[Data extracted from a collection]
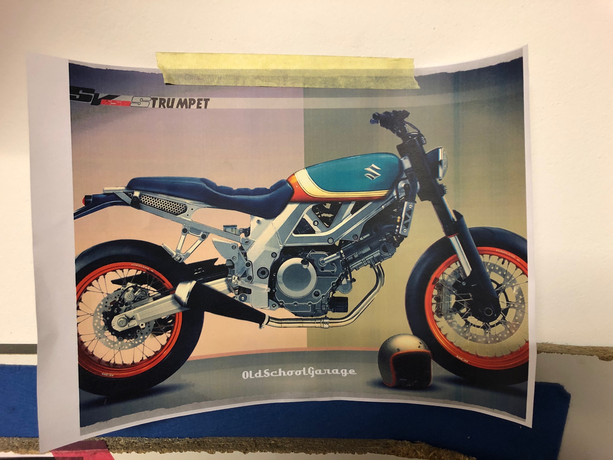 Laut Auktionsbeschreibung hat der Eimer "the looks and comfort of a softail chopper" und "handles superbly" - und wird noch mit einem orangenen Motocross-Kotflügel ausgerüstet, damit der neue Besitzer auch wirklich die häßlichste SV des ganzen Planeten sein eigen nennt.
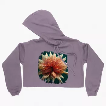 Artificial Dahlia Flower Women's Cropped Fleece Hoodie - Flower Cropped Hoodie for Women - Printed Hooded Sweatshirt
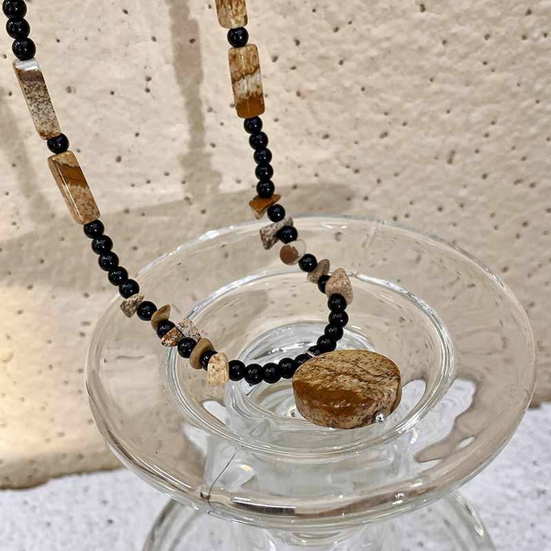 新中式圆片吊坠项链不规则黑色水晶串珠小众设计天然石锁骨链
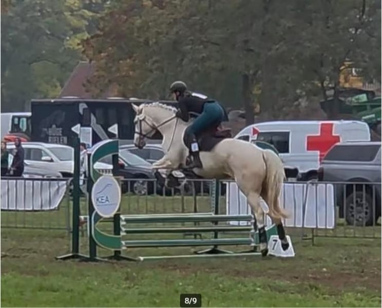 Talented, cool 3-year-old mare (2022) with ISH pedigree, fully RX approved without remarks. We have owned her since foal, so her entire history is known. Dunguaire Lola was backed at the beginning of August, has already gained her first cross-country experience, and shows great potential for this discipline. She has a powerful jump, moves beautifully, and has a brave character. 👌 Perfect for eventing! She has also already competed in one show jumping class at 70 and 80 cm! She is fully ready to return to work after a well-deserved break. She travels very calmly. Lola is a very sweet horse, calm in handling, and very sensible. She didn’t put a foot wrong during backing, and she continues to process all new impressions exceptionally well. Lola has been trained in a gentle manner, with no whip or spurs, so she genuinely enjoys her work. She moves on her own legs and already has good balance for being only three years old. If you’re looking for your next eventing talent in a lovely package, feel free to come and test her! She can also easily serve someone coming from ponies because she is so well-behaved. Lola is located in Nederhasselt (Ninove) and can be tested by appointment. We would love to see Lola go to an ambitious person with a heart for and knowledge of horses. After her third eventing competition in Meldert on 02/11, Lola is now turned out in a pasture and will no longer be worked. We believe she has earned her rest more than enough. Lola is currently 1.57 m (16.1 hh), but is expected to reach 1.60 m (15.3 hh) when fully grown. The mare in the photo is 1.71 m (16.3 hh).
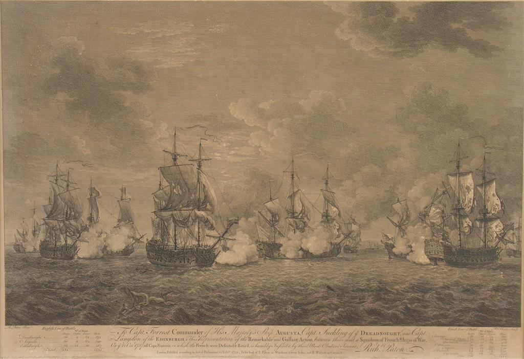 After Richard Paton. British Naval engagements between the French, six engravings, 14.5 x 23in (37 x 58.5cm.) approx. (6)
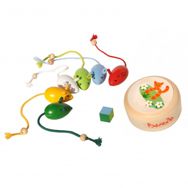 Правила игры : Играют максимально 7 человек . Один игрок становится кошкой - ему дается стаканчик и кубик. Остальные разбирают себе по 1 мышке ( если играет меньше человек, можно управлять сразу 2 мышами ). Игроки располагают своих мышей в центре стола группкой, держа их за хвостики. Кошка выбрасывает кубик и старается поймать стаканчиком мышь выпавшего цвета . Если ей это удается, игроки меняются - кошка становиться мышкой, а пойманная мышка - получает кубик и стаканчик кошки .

**WHAT YOU HAVE TO DO**
Copy out nothing but the lines from the beginning of the records through the one that contains "新中式圆片吊坠项链不规则黑色水晶串珠小众设计天然石锁骨链". Skip the pictures.

**OUTPUT BELOW**
 Laut Auktionsbeschreibung hat der Eimer "the looks and comfort of a softail chopper" und "handles superbly" - und wird noch mit einem orangenen Motocross-Kotflügel ausgerüstet, damit der neue Besitzer auch wirklich die häßlichste SV des ganzen Planeten sein eigen nennt.
 Artificial Dahlia Flower Women's Cropped Fleece Hoodie - Flower Cropped Hoodie for Women - Printed Hooded Sweatshirt
 新中式圆片吊坠项链不规则黑色水晶串珠小众设计天然石锁骨链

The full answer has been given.